The “penal” in the doctrine of penal substitution, being tied to God’s wrath, has long been a source of controversy inside the church and out. It’s criticized as overly “legal” or “forensic.” People want to look to the cross and talk about Christ’s love, not his enduring the divine penalty.

But it’s worth stopping for a moment and meditating on what is behind a penalty. What is behind wrath? The answer is God’s worthiness or God’s worth. God’s wrath is equal to God’s worth, and that the “penal” in penal substitution therefore reveals this very worth.

Wrath and worth are perfectly matched together. The former takes the measure of the latter and expresses itself accordingly.

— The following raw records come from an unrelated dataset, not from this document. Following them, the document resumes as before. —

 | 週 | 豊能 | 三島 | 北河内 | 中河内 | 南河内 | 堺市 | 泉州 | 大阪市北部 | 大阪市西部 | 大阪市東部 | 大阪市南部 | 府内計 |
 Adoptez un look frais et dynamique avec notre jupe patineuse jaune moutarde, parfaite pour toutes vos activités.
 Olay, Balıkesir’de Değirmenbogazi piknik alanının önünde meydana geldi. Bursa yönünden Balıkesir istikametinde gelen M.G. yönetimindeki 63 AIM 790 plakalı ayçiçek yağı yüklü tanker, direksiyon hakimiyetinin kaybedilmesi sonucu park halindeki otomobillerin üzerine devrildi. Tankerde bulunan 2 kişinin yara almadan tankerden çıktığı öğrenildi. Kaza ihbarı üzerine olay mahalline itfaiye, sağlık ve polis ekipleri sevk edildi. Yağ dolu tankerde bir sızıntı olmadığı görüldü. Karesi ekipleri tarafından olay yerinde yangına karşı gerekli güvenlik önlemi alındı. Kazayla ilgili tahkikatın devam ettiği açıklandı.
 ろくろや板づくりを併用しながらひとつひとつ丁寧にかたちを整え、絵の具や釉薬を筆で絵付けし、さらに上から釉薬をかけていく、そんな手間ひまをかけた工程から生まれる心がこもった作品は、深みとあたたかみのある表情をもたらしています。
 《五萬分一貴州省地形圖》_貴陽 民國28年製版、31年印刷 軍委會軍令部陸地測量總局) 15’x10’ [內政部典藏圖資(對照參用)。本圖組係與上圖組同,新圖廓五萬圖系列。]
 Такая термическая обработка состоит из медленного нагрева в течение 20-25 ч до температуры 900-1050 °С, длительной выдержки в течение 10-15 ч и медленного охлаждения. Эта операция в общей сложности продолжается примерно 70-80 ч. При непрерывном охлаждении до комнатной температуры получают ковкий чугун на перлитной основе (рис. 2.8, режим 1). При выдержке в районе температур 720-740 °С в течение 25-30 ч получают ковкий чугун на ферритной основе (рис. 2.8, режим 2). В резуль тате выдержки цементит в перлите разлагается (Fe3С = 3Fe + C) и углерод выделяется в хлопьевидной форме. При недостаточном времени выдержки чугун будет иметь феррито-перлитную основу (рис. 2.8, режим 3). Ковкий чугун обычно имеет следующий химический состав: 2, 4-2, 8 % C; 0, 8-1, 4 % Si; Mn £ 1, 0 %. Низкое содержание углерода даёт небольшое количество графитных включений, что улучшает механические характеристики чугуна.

One is as precious as the other.

So drop the “penal” from penal substitution and you diminish God dramatically. Despise his wrath and you despise his worth.

To see this, it’s worth meditating for a moment on what the purpose of law is. The Reformers talked about the law as restraining sin, condemning sin, and revealing God’s character. Political and legal philosophers will point to the law’s role in maintaining order, protecting the defenseless, or guaranteeing freedom. Each of these is helpful for its part.

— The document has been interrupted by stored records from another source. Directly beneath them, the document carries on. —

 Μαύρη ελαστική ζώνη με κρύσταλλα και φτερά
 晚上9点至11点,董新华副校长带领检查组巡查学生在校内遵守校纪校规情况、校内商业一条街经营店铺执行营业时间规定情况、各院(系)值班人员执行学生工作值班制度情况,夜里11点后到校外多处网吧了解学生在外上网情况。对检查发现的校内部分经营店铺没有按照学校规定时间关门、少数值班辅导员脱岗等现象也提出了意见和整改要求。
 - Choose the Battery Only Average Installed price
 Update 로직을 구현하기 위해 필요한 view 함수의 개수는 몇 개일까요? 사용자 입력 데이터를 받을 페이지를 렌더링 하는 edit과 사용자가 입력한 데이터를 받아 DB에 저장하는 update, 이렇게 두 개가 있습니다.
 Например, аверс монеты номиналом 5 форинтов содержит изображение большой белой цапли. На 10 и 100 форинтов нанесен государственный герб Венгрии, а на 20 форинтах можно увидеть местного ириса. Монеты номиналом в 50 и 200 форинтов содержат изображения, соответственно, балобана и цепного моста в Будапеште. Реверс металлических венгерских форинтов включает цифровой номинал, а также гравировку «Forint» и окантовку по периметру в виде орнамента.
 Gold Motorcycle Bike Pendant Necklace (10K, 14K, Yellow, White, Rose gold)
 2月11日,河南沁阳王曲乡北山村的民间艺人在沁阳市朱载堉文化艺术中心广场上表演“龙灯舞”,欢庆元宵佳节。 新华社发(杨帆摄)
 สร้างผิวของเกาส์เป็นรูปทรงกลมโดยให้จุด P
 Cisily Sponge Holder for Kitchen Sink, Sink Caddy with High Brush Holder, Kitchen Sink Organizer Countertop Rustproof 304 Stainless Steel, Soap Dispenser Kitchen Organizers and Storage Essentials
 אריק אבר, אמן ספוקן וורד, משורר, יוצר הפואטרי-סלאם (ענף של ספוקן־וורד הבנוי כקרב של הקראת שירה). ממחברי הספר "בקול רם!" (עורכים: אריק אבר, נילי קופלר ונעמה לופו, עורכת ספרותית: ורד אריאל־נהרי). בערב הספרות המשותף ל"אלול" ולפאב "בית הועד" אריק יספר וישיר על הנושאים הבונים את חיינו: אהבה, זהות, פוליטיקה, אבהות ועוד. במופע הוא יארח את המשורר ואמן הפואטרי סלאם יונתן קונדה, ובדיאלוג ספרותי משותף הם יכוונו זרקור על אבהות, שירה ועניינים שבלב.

But a theme that runs through all of these explanations is the idea of protecting something precious or worthy.

It’s against the law to murder because life is precious. It’s against the law to steal because property is precious. It’s against God’s law to lie because truth is precious. Every five year old who values his toys and every king who values his gold understands this much about law. That’s why both will declare, “Don’t touch these things, or else!” One might say that laws function like a castle wall or a security systems. People erect walls and install alarm systems when they want to guard something precious.

This is why breaking a law results in a penalty. Penalties are typically measured to match the significance of the violation, that is, the preciousness of the thing being protected by the law. The more precious the thing being protected, the severer the penalty. When no penalty follows a broken law, one assumes the matter must not be that important or precious.

Penalties teach. They declare the worth of something.

My siblings and I discovered at a young age that lying to our parents yielded a stronger penalty than squabbling over a toy. The lesson we learned from the difference? The truth is more precious than toys.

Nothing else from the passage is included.